» Data records
# # # # #
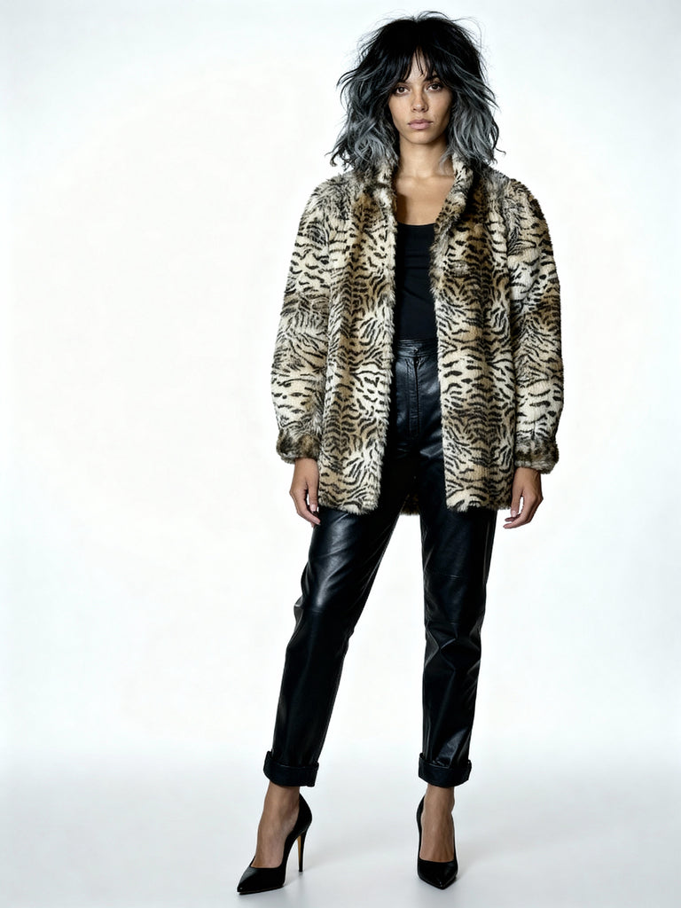 Original Vintage 1990's Tiger Print Faux Fur Coat UK 8 - 12
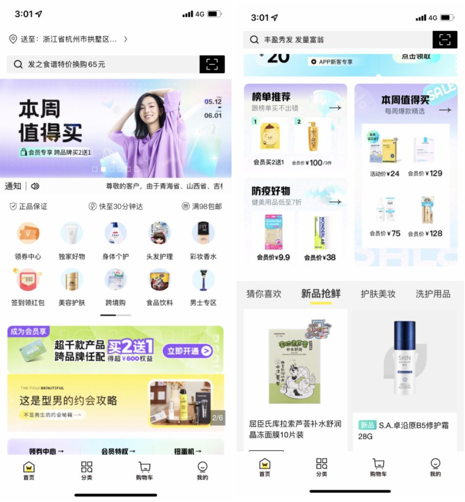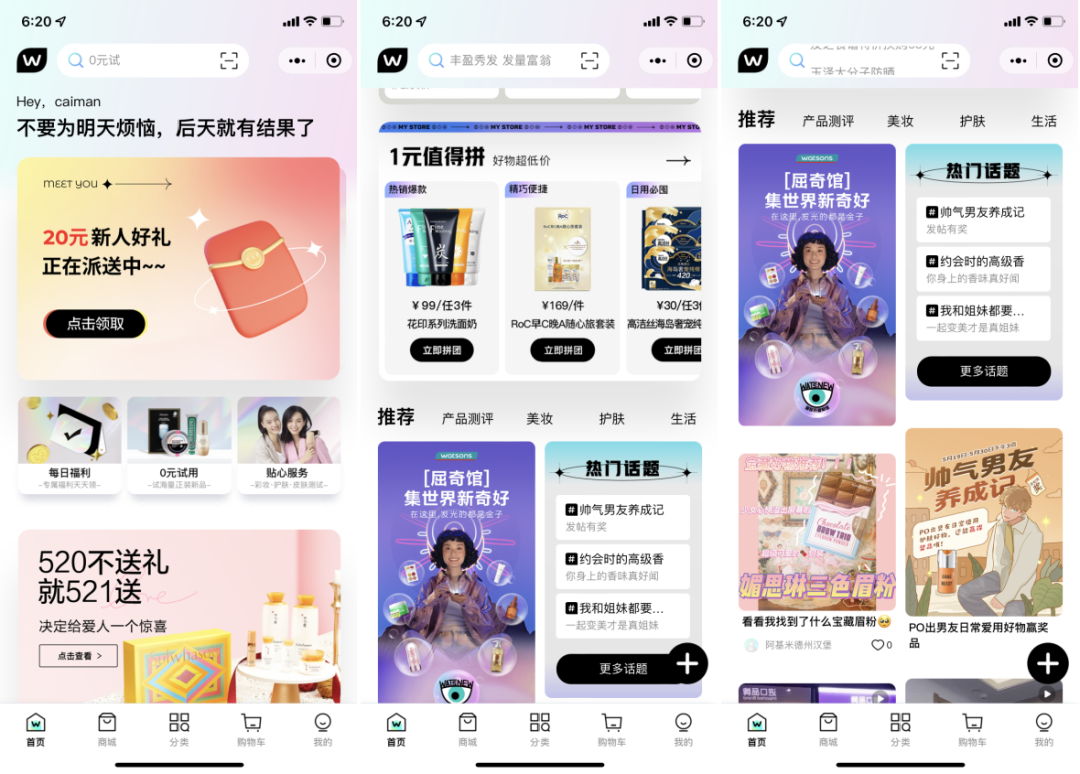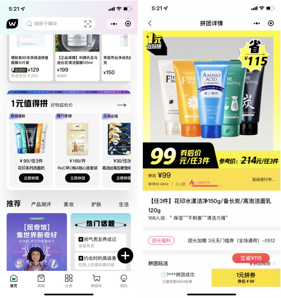在屈臣氏的小程序主頁里,放置了新人專區(qū)、拼團專區(qū)、推薦專區(qū)等窗口,吸引不同需求的用戶下單購買。
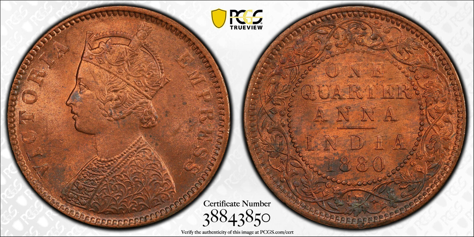 India British 1880 C 1/4 Anna PCGS MS64RB SW-6.494 Incuse C PC0898* combine shippingThe one you receive will be exactly as imaged
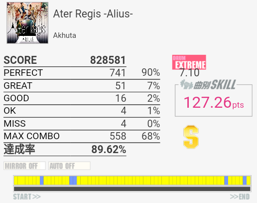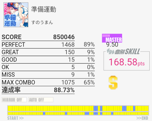 ようやくS判定取得で対象の下限に。サビ前のCY→SN×3で絶対切っちゃう。後半疲れてくるとやっぱりズレるなあ。
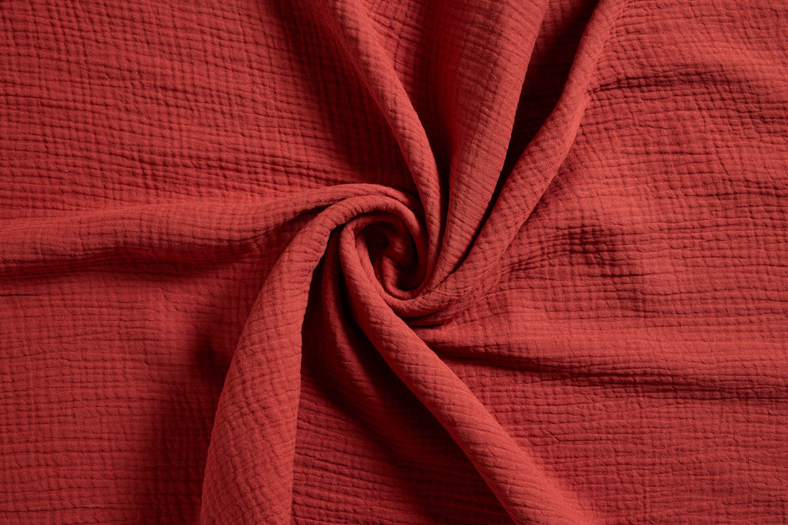 Zeer soepele, zacht aanvoelende mousseline stof in een warme steenrode kleur. Deze stof wordt ook hydrofiel stof genoemd. Gemaakt van 100% katoen, bevat geen stretch en bestaat uit 2 lagen (double gauze).
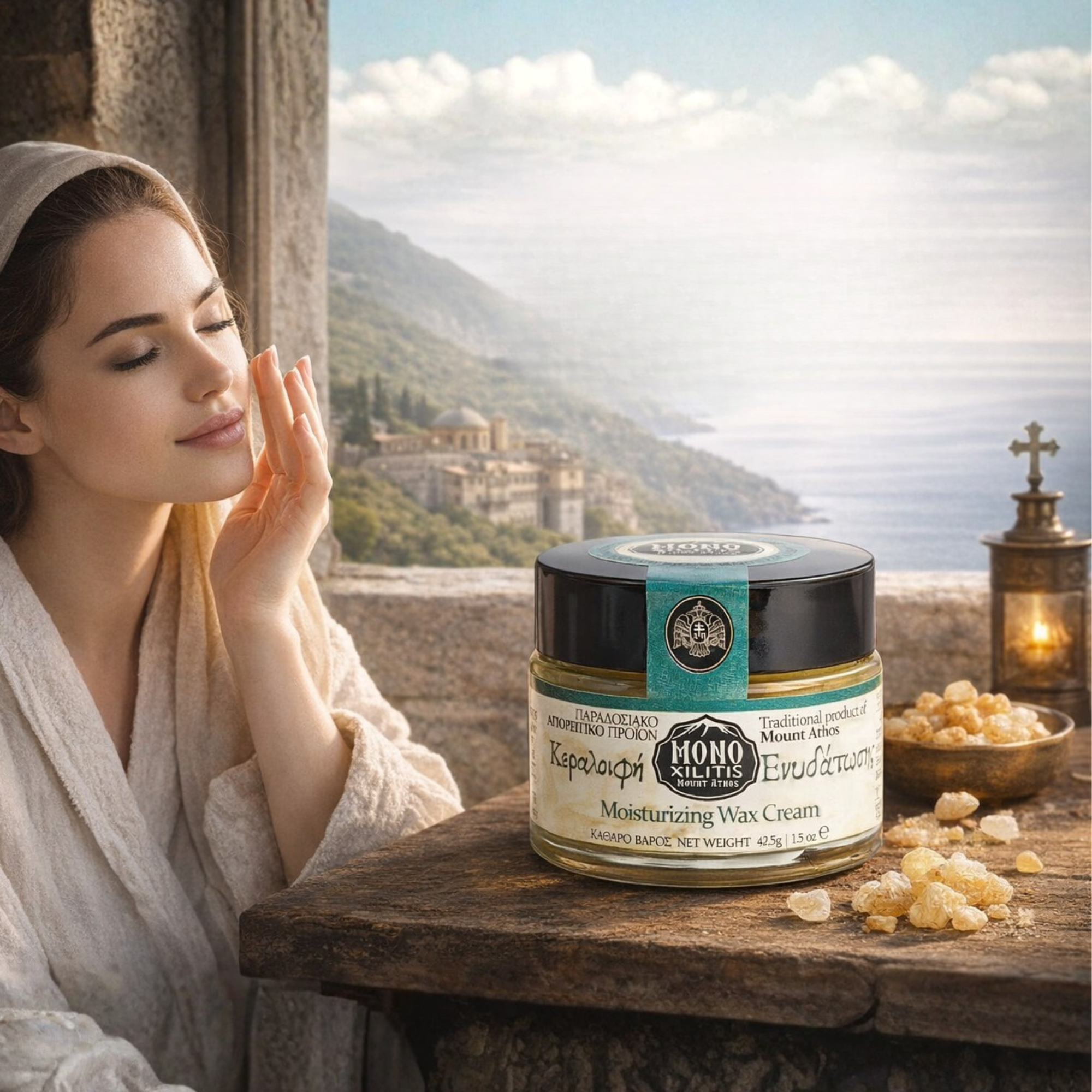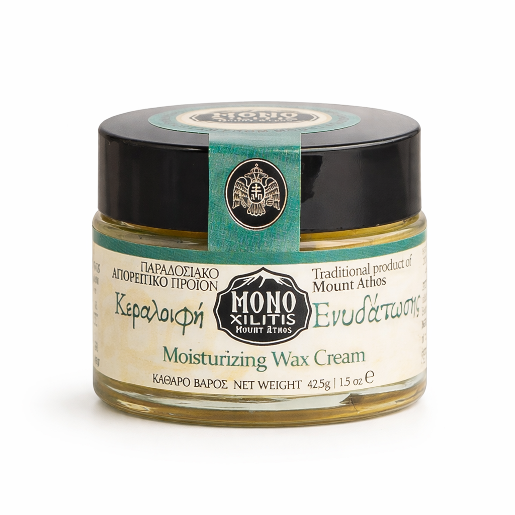 Cremă- Hidratare din Muntele Athos, realizată după rețete vechi monahale, pe bază de ceară de albine pură și ulei de măsline extravirgin. Este un produs natural, dedicat îngrijirii zilnice a pielii, fără substanțe chimice agresive.
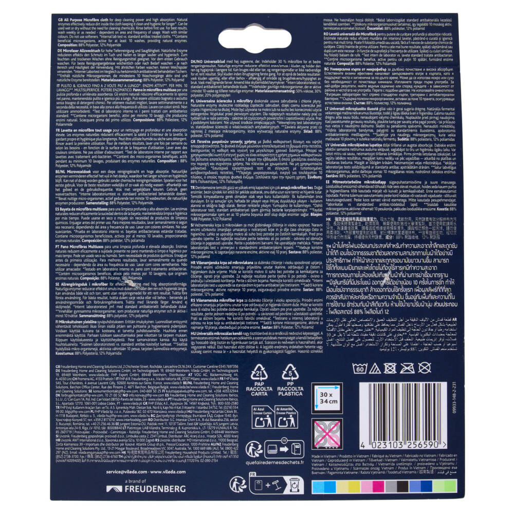 Pulito & igienico fino a 2 volte più a lungo*. Enzimi attivi**. Per min. 10 lavaggi**. Multisuperficie. Potere enzimatico. Panno in microfibra multiuso per una pulizia profonda e un'elevata assorbenza. Gli enzimi naturali riducono efficacemente lo sporco nel panno, mantenendolo pulito e igienico più a lungo.
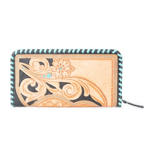 Dare to dazzle with our Diaphanous wallet. It exdues radiance because of the floral pattern carved on the front panel. The blue stitching detail stands out against the front panel and gives it a unique look.
# # # # #
» Problem requirements
With the pictures left out, output all the entries exactly.

» Solution for this problem
 Original Vintage 1990's Tiger Print Faux Fur Coat UK 8 - 12
在屈臣氏的小程序主頁里,放置了新人專區(qū)、拼團專區(qū)、推薦專區(qū)等窗口,吸引不同需求的用戶下單購買。
 India British 1880 C 1/4 Anna PCGS MS64RB SW-6.494 Incuse C PC0898* combine shippingThe one you receive will be exactly as imaged
 ようやくS判定取得で対象の下限に。サビ前のCY→SN×3で絶対切っちゃう。後半疲れてくるとやっぱりズレるなあ。
 Zeer soepele, zacht aanvoelende mousseline stof in een warme steenrode kleur. Deze stof wordt ook hydrofiel stof genoemd. Gemaakt van 100% katoen, bevat geen stretch en bestaat uit 2 lagen (double gauze).
 Cremă- Hidratare din Muntele Athos, realizată după rețete vechi monahale, pe bază de ceară de albine pură și ulei de măsline extravirgin. Este un produs natural, dedicat îngrijirii zilnice a pielii, fără substanțe chimice agresive.
 Pulito & igienico fino a 2 volte più a lungo*. Enzimi attivi**. Per min. 10 lavaggi**. Multisuperficie. Potere enzimatico. Panno in microfibra multiuso per una pulizia profonda e un'elevata assorbenza. Gli enzimi naturali riducono efficacemente lo sporco nel panno, mantenendolo pulito e igienico più a lungo.
 Dare to dazzle with our Diaphanous wallet. It exdues radiance because of the floral pattern carved on the front panel. The blue stitching detail stands out against the front panel and gives it a unique look.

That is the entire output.